I was sitting at home on a blizzardy winter day, reading Our Home and Family by Laura Baxter (copyright 1952), and I came across this section that I simply have to share with you:
"Schoolgirls seldom have the full responsibility of caring for the house. [...] Tasks commonly given to them include the care of their own room, sweeping and brushing, taking care of cupboards and closets, caring for the bathroom, cleaning and polishing the silverware and other metals, keeping tables and desks in order, and washing dishes and utensils. Here is a song for cleaning day that should keep a girl's heart content that she has such jobs to do:
Brown soap can brew a scrubbing froth
Fragrant as orange peel or tar;
It makes a closet or a cloth
As fresh as dogwood blossoms are;
And wax, that amber soft and slow,
Embalms old carving in a glow.
Polish can turn a bowl of brass
Into a bell that beats a gleam,
Can make a silver dish a glass
Of lights like birches in a dream;
While bright as peaches copper blooms
Out of the corners of the rooms.
There could not be a blither work
Than skill with pumice, brush, and soap,
To bring a bright thing from a dark,
To fill the house with lamps of hope.
And so before the morning goes
Put stars among the goblet-rows.
Oh boy. Where do I start on this one?
First of all, what the heck kind of a song is that?! If my mom would have sat me down and said, "Honey, let's learn this fun song!" and then pulled that thing out, I would have laughed (respectfully and politely) in her face. It doesn't make sense, and the rhyme scheme is super funky. Were fifties children far more poetically inclined than our generation of lazy millenials? Because the extent of my clean up music was "Clean up, clean up, everybody do your share" from Barney.
Also, the blurb before the song says that it is supposed to keep a girl's heart content that she has such jobs to do. Umm...really? Let's take a look into little Suzie's 1952 conversation with her mom:
Mom: Suzie dear, would you please polish the silver?

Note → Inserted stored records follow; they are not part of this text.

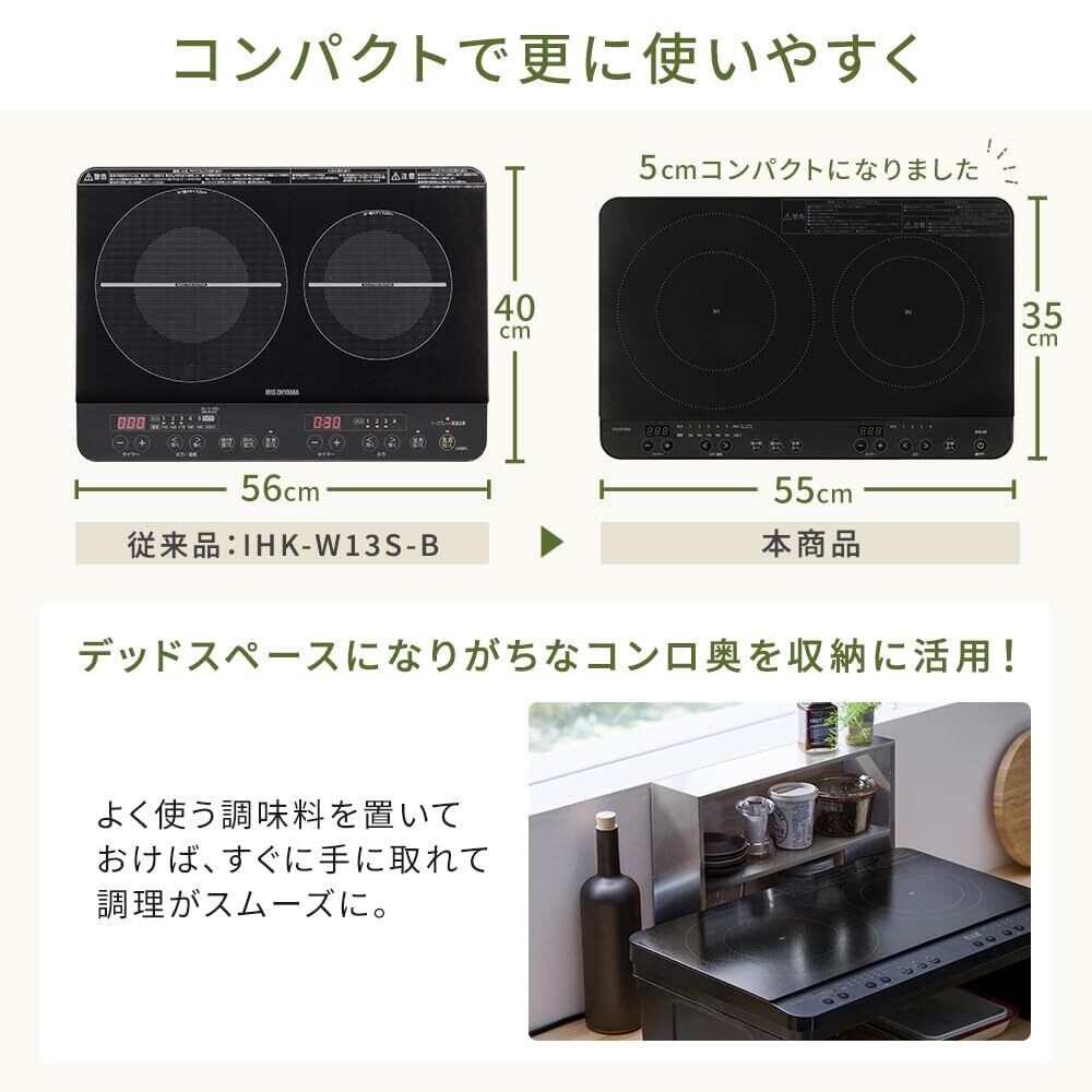 【新着商品】アイリスオーヤマ 2口 IHクッキングヒーター1400W 100V IHコンロ 工事不要(幅55cm×奥行35cm) 脚付き(18cm) 揚げ物 タイマー搭載 セーフティ機能 簡単お手入れ ブラック IHK-WT41SAZ-B | SmartLiving+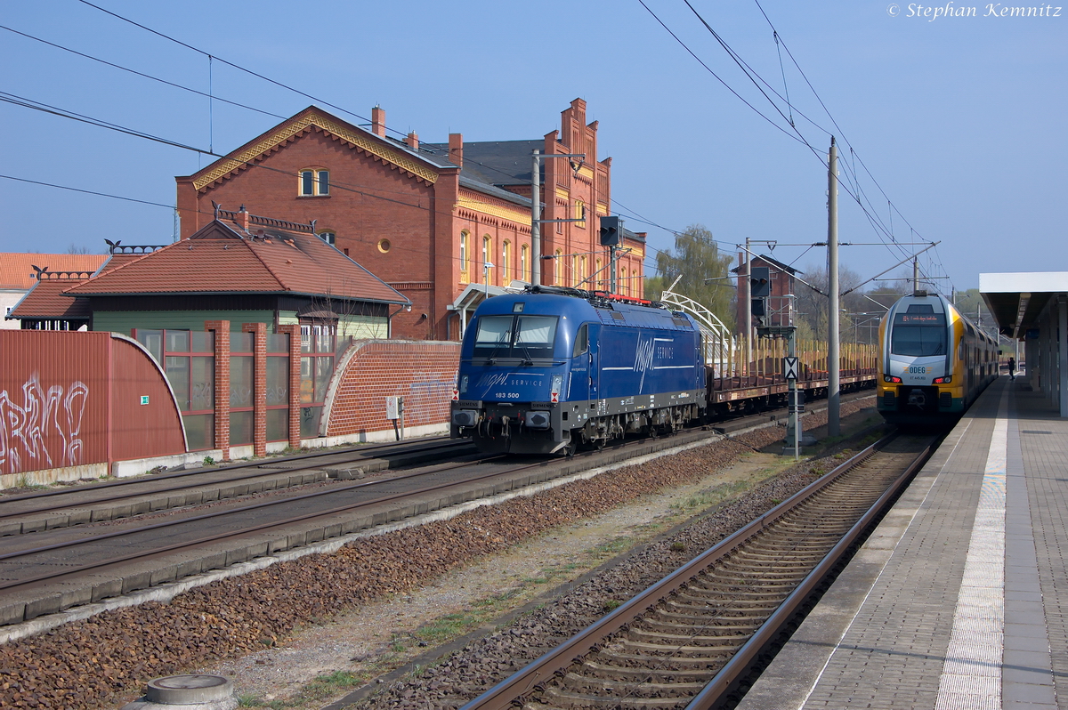 183 500-8 mgw Service GmbH & Co. KG für SETG - Salzburger Eisenbahn TransportLogistik GmbH hing am Zugende eines leeren Holzzug, der von der PRESS 145 023-6 gezogen wurde. Der Zug musste in Rathenow die Abfahrt des RE4 abwarten. 06.04.2014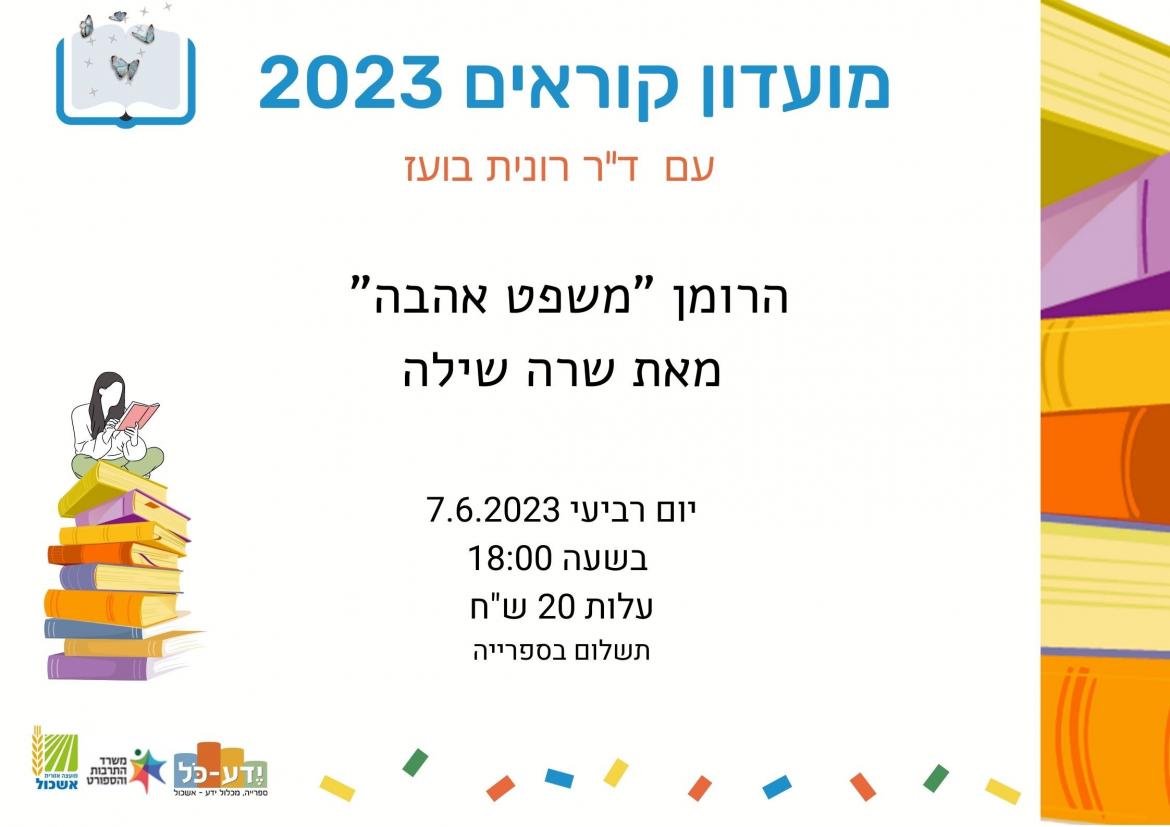 מועדון קוראים 2023 - עם ד"ר רונית בועז - "משפט אהבה" מאת שרה שילה

Suzie: Golly gee, Mom, do I gotta?
Mom: You have to do it, Suzie, but good news: you can sing the bat-crap-crazy cleaning song I taught you!

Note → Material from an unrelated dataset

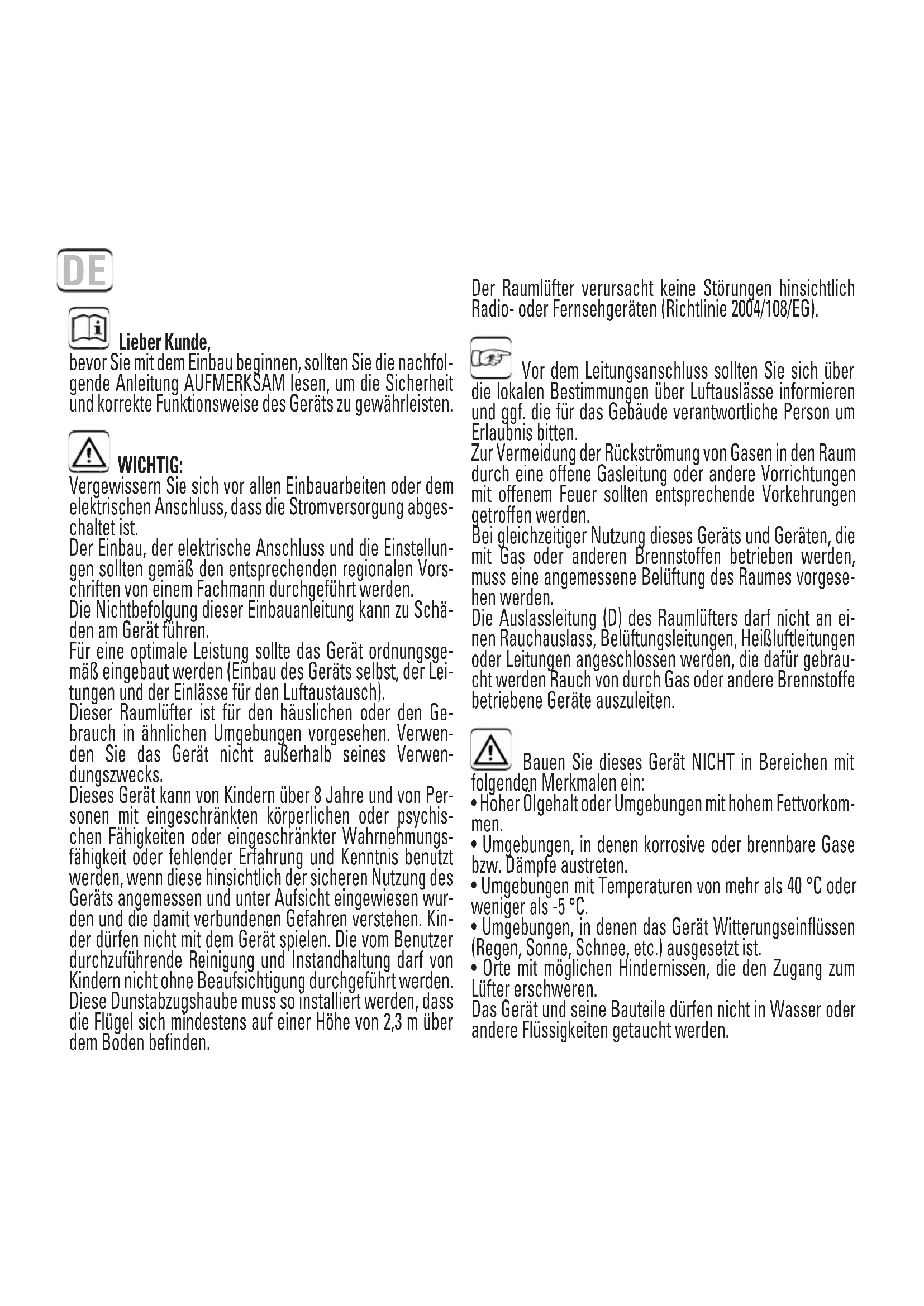 - Orte mit möglichen Hindernissen, die den Zugang zum Lüfter erschweren. Das Gerät und seine Bauteile dürfen nicht in Wasser oder andere Flüssigkeiten getaucht werden. Lieber Kunde, bevor Sie mit dem Einbau beginnen, sollten Sie die nachfol- gende Anleitung AUFMERKSAM lesen, um die Sicherheit und korrekte Funktionsweise des Geräts zu gewährleisten. WICHTIG: Vergewissern Sie sich vor allen Einbauarbeiten oder dem elektrischen Anschluss, dass die Stromversorgung abges- chaltet ist. Der Einbau, der elektrische Anschluss und die Einstellun- gen sollten gemäß den entsprechenden regionalen Vors- chriften von einem Fachmann durchgeführt werden. Die Nichtbefolgung dieser Einbauanleitung kann zu Schä- den am Gerät führen. Für eine optimale Leistung sollte das Gerät ordnungsge- mäß eingebaut werden (Einbau des Geräts selbst, der Lei- tungen und der Einlässe für den Luftaustausch). Dieser Raumlüfter ist für den häuslichen oder den Ge- brauch in ähnlichen Umgebungen vorgesehen. Verwen- den Sie das Gerät nicht außerhalb seines Verwen- dungszwecks. Dieses Gerät kann von Kindern über 8 Jahre und von Per- sonen mit eingeschränkten körperlichen oder psychis- chen Fähigkeiten oder eingeschränkter Wahrnehmungs- fähigkeit oder fehlender Erfahrung und Kenntnis benutzt werden, wenn diese hinsichtlich der sicheren Nutzung des Geräts angemessen und unter Aufsicht eingewiesen wur- den und die damit verbundenen Gefahren verstehen. Kin- der dürfen nicht mit dem Gerät spielen. Die vom Benutzer durchzuführende Reinigung und Instandhaltung darf von Kindern nicht ohne Beaufsichtigung durchgeführt werden. Diese Dunstabzugshaube muss so installiert werden, dass die Flügel sich mindestens auf einer Höhe von 2,3 m über dem Boden befinden. DEDer IP-Schutzgrad kann nur gewährleistet werden, wenn der Einbau des Geräts gemäß der vorliegenden Anleitung durchgeführt wurde. Der Hersteller lehnt jegliche Haftung für Schäden an Per- sonen, Tieren oder Gegenständen ab, die aufgrund unsa- chgemäßer Verwendung durch Missachtung der Warn- hinweise in dieser Anleitung für Einbau, Gebrauch und Wartung des Geräts entstanden sind. Nach Beenden des Einbaus sollte diese Anleitung dem Be- sitzer/Nutzer des Geräts ausgehändigt werden. Es ist notwendig, nach der Installation das Abtrennen des Geräts vom Stromnetz zu ermöglichen. Die Trennung kann durch einen zugänglichen Stecker si- chergestellt werden oder, indem ein Schalter in der fest verlegten Verkabelung eingebaut wird, der die elektris- chen Installationsvorschriften erfüllt. EINBAU: Vor Beginn der Installation ist zu überprüfen, dass die Luftschraube weder verformt noch bes- chädigt ist, dass diese frei dreht und dass sich kein Fremdkörper im Gehäuseinneren befindet. Der Einbau des Geräts wird gemäß der beiliegenden Grafik durchgeführt. Das Gerät kann an der Wand oder an der Decke, mit direktem Auslass oder separater Auslassleitung eingebaut werden (siehe Abbildung 1A). Für den Einbau müssen in Wand oder Decke dem Modell entsprechend eine kreisförmige Öffnung (100 mm, 120 mm oder 150 mm) und Bohrungen zur Befestigung des Gerätes angebracht werden (siehe Abb. 2). Die Abdeckung wie in Abbildung 1B gezeigt entfernen. Die Stromkabel durch das Teil „PC“ und die im Gerät vorgesehene Durchführung führen (siehe Abbildung 3A). Den Anschluss des Geräts wie im Abschnitt “ELEKTRISCHER ANS- CHLUSS“ beschrieben ausführen. Wird die Montage mit einer separaten Auslassleitung durchgeführt, die Leitung (D) von in die angebrachte Öffnung für den Luftauslass setzen. Bei beiden Montagearten (mit separater Auslassleitung oder direktem Auslass) müssen die Luftgitter so installiert werden, dass sie den Sicherheitsbestimmungen Ihres Landes entsprechen, damit kein Zugang zu den Lüfterblättern besteht (siehe Abbildung 1A). Sicherstellen, dass der Luftstrom nicht behindert wird. Die Grundplatte des Gehäuses mit den im Lieferumfang enthaltenen Dübeln und Schrau- ben befestigen. ELEKTRISCHER ANSCHLUSS: Sicherstellen, dass Spannung (V) und Frequenz (Hz) des Stromnetzes, an das das Gerät angeschlossen werden soll, den Werten auf dem Typenschild entsprechen. Das Gerät muss permanent über eine in der Wand eingelassene Verkabelung für feste Installationen angeschlossen werden. Die Leitungen müssen über die Rückseite in das Gerät geführt werden. (Kabel gekippt oder starren, 2 oder 3 Leiter Mindestquerschnitt von 1 mm

Suzie: Holy moly! What fun! Now my heart is content. Where's the silver?!
Sorry Ms. Baxter, that didn't happen. Ever. Your song is freaky and weird.
Does anyone else think that this author just wanted to be a poet, but no one would buy her weird poetry so she just inserted it into her textbooks so she could see it in print? Because that's what I think.
I'm trying to follow the advice in these books, so I tried singing while cleaning today. I actually tried singing that specific song (I tried to come up with a melody, but that got pretty boring so I ended up rapping it instead. I bet that's not what Laura Baxter was going for). I actually got less cleaning done because I couldn't figure out the dumb song. Elvis looked at me like I was nuts, and he was probably right. I decided to give up on the dishes and come write this entry. So really...the cleaning song completely backfired. I'm going to try again with the Barney version and see if I do better.
Haha! Love this! I find that music in general can keep me more motivated at times. But this song - it's not gonna do it for me either!